Les quatorze dessins
Les quatorze feuilles réapparues en 2013 proviennent de cet ensemble, elles sont d’ailleurs toujours conservées dans les chemises sur lesquelles, probablement le libraire, avait précisé si elles avaient été gravées ou non. A les examiner, on perçoit une évolution qui peut également avoir conduit certains à reconnaître différentes mains dans l’ensemble. Les deux premières (saint Louis et Marguerite de Provence) sont de dimensions plus petites que les autres et d’un métier plus sommaire. Elles s’inspirent, ainsi que l’a démontré Marie-Anne Dupuy-Vachey, de gravures plus anciennes figurant les personnages historiques. Sans doute l’artiste abandonna-t-il ensuite cette quête de source pour pouvoir représenter les différentes figures de la série avec plus de liberté.

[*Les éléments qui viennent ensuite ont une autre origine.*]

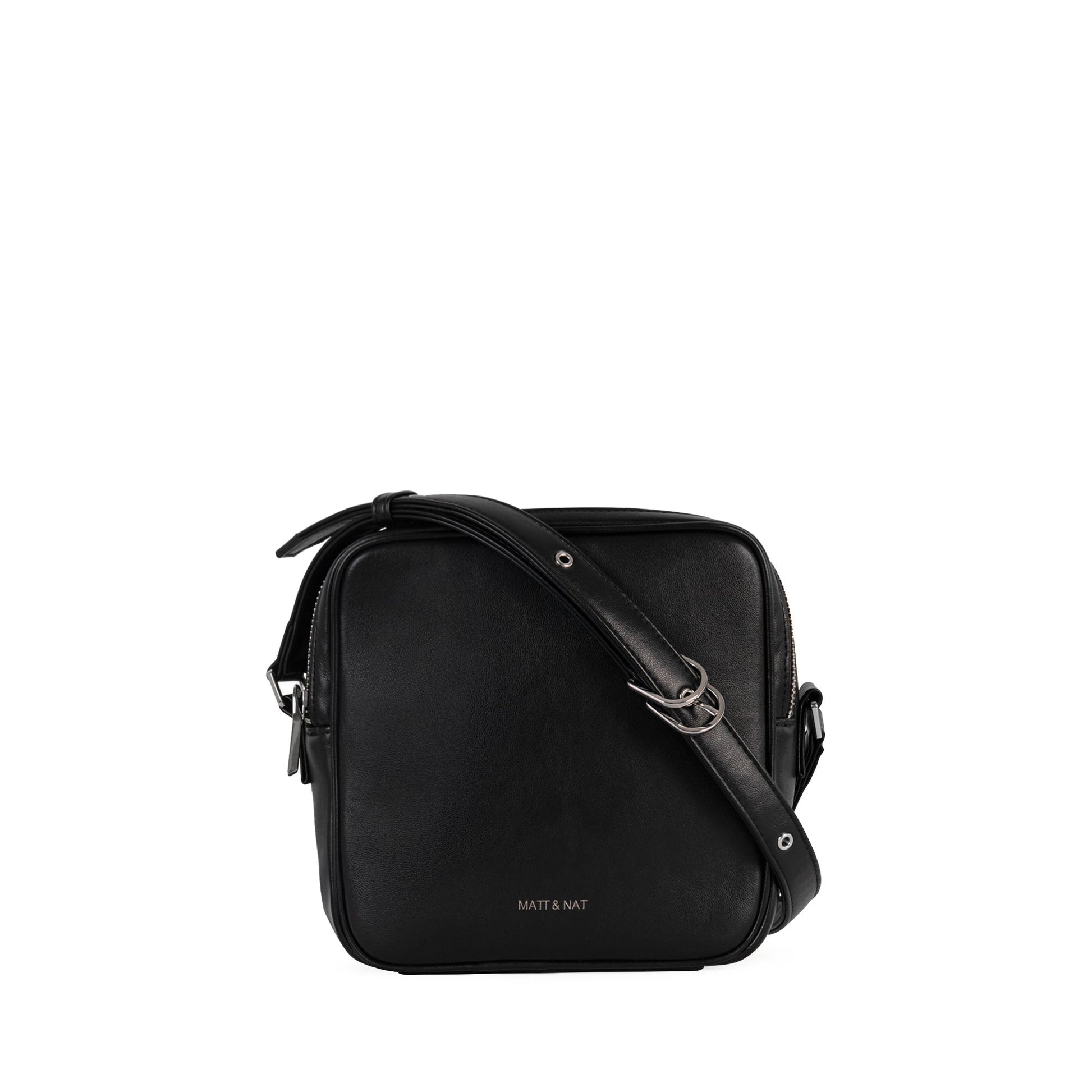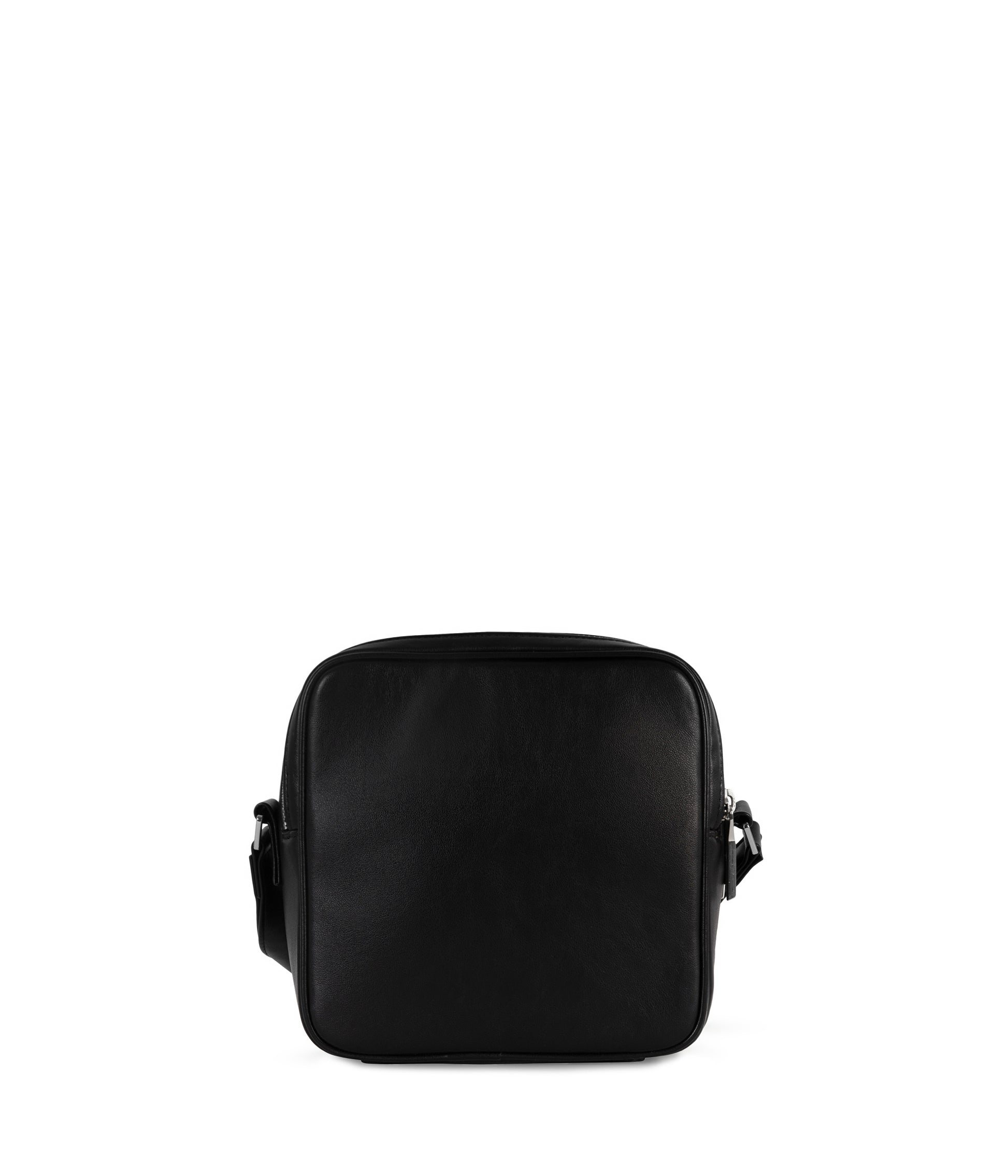 A double-compartment crossbody bag with zippered closures and an adjustable strap.

Le troisième dessin décrivant Louis 1er, duc de Bourbon est en effet un peu plus grand et ne cherche pas à plagier une estampe ancienne. Fragonard invente cette fois-ci le personnage historique. 
Les six dessins suivants (Louis II duc de Bourbon ; Blanche de Bourbon ; Jean 1er duc de Bourbon, Pierre II de Beaujeu, duc de Bourbon ; Pierre du Terrail, dit le chevalier Bayard et Charles III de Bourbon, dit le Connétable de Bourbon) offrent le même parti et sont de dimensions encore supérieures.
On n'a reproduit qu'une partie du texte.